Link between Melatonin and Alzheimer’s Disease

 Introduction

Alzheimer’s is the most common and one of the most profound degenerative conditions of the brain that is affecting the age old society from ages. Although the disease can be seen in every age group but it is mostly prevalent in elderly age group. The incidence of clinically diagnosed Alzheimer’s disease is similar throughout the world, and it increases with age, approximately 3 new cases yearly 100,000 persons younger than age 60 years and a staggering 125 new cases per 100000 of those older than 60 years. Several etiological factors such as birth order, mother’s age at birth and a family history of Down’s syndrome may have a possibility of developing Alzheimer’s disease in the later part of the life. The familial occurrence of Alzheimer’s disease has been well established. In less than one percent of such cases there is a dominant inheritance pattern with a high degree of penetration and appearance of disease at younger age group.
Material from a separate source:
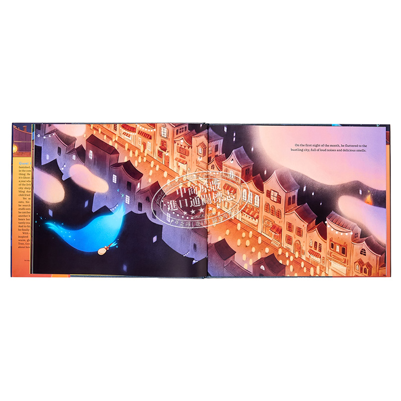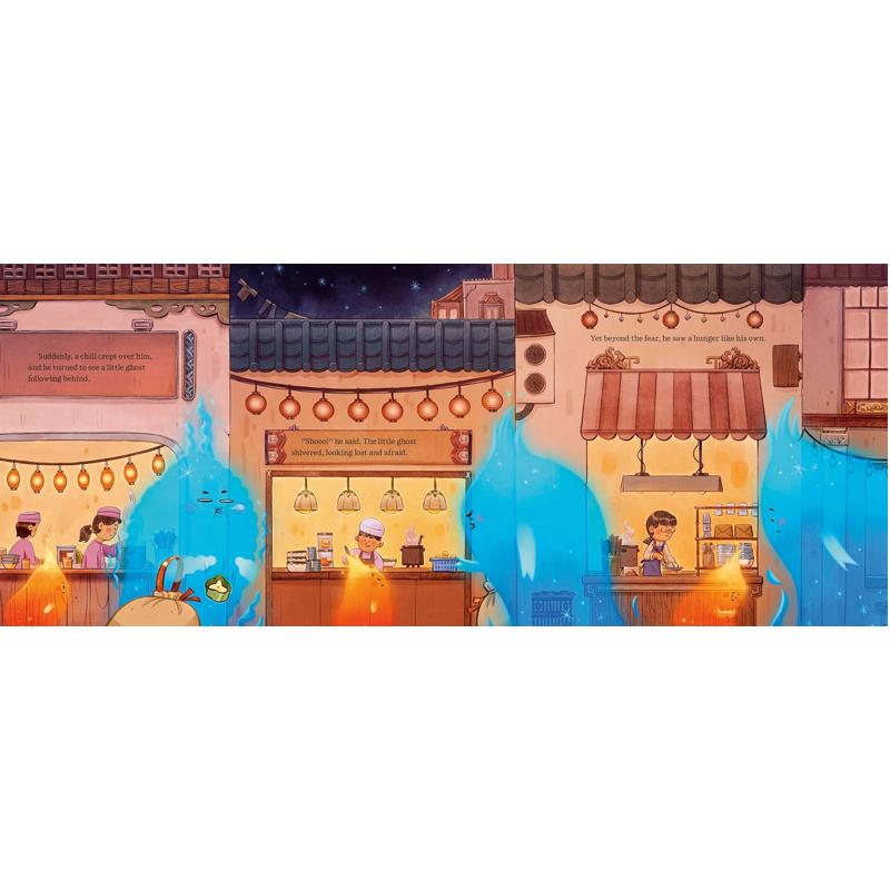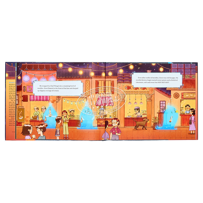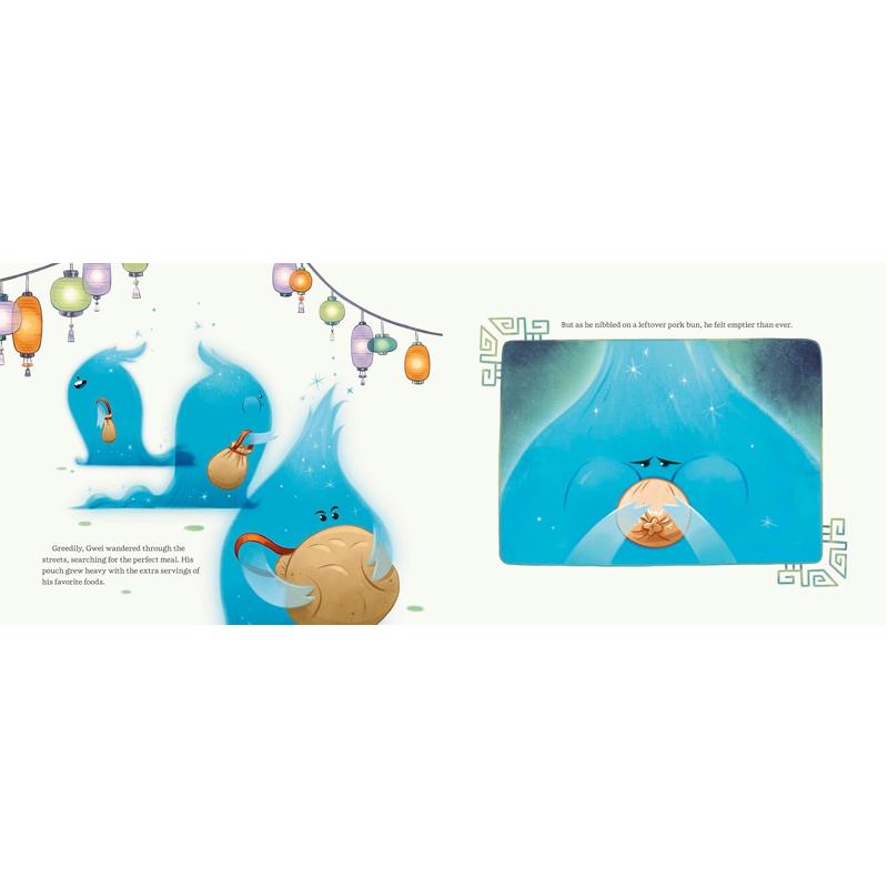 这是一本关于孤独鬼魂格威的绘本,讲述了他学会分享,最终在友谊中获得满足的故事。格威饿极了,但与其他鬼魂不同,他可不是什么都吃。幸运的是,现在正值中元节,一年中只有这个时候,鬼魂们才会游荡到人间。格威在城里飞来飞去,吃着热气腾腾的面条、滚烫的栗子和香脆的辣椒油炸鱼。然而,无论格威吃多少,他的饥饿感始终挥之不去。当他寻找wan美的食物时,他发现有人在跟踪他。原来是另一个饥饿的小鬼魂!当他听到小鬼咕咕叫的肚子时,他不情愿地从自己的口袋里拿出食物与她分享。令他惊讶的是,他终于开始感到饱了。本书由艾米琳·李(Emeline Lee)撰写,文字充满中国民间传说的魅力,并由芭西亚·特兰(Basia Tran)绘制了温暖明亮的插图。《饿鬼格威》讲述了一个关于友谊如何滋养灵魂的故事。本书附有图文并茂的附录,详细介绍了真正的盂兰盆节和中国神话中的更多神灵!
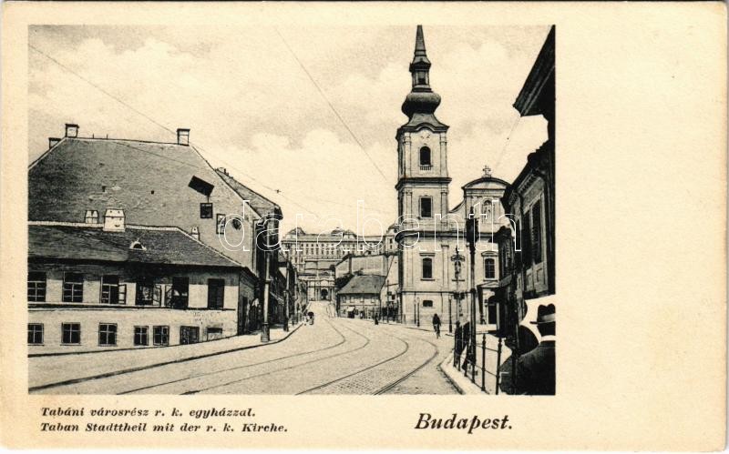 Budapest I. Tabán, városrész, római katolikus egyház, villamossínek https://www.darabanth.com/hu/36-Nagyaukcio/36.1/Kepeslapok/Magyarorszag~15417/Budapest-I-Taban-varosresz-romai-katolikus-egyhaz-villamossinek~II2481692

Reports of substantial familial aggregation of dementia without a specific pattern of inheritance also suggest the operation of more than one genetic factor. Many studies have documented an increase in the risk of ostensibly sporadic Alzheimer’s disease among the first degree relatives of patient with this disorder. Reports suggest that women are in the greater side of developing this disease. Genetic studies are difficult to carry out because the disease does not appear at the same age in a given proband. Even in identical twin, the disease may develop at the age of 60 years in one of the pair and at 80 years in the other. Death from other causes may prevent its detection.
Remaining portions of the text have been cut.